Those of you who followed the link at the top of the post will have found references there to David Hilbert, and that should have given you enough of a clue to know that there’s a chance that my initial sentiment was probably a pipe dream. If you are still in the dark, I’m referring to Hilbert’s Entscheidungsproblem (or the Decision Problem in English) and I beg you to read Douglas Hofstadter’s magnificent Gödel, Escher, Bach – An eternal golden braid. This book is at the top of my all-time favourites list, and among the million interesting topics it covers, the decision problem is central.

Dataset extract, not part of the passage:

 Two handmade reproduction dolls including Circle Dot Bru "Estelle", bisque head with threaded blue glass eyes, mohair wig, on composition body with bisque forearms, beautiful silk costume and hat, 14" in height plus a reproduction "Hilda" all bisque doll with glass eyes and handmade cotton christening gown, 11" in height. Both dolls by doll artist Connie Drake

The Decision Problem – a quick detour

One thing you’ll notice about the Entscheidungsproblem and Turing’s Halting Problem is that they are equivalent. They seem to be asking about different things, but at a deeper level the problems are the same. The decision problem asks whether there is a mechanical procedure to determine the truth of any mathematical statement. At the turn of the century they might have imagined some procedure that cranked through every derivation of the axioms of mathematical logic till it found a proof of the statement returning true. The problem with that brute-force approach is that mathematics allows a continual complexification and simplification of statements – it is non-monotonic. The implication is that just because you have applied every combination of the construction rules on all of the axioms up to a given length you can’t know whether there are new statements of the same length that could be found by the repeated application of growth and shrinkage rules that aren’t already in your list. That means that even though you may think you have a definitive list of all the true statements of a given length you may be wrong, so you can never give a false, only continue till you either find a concrete proof or disproof.

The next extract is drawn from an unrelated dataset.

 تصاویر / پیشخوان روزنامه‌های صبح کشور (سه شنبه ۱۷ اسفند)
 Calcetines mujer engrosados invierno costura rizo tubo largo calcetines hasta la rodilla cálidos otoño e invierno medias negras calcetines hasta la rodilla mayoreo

Because of these non-monotonic derivation rules, you will never be sure that no answer from your procedure means an answer of false. You will always have to wait and see. This is the equivalence between the Entscheidungsproblem and Alan Turing’s Halting Problem. If you knew your procedure would not halt, then you would just short-circuit the decision process and immediately answer false. If you knew that the procedure would halt, then you would just let it run and produce whatever true/false answer it came up with – either way, you would have a decision procedure. Unfortunately it’s not that easy, because the halting decision procedure has no overview of the whole of mathematics either, and can’t give an answer to the halting question. Ergo there is no decision procedure either. Besides, Kurt Gödel proved that there were undecidable problems, and the quest for a decision procedure was doomed to fail. he showed that even if you came up with a more sophisticated procedure than the brute force attack, you would still never get a decision procedure for all mathematics.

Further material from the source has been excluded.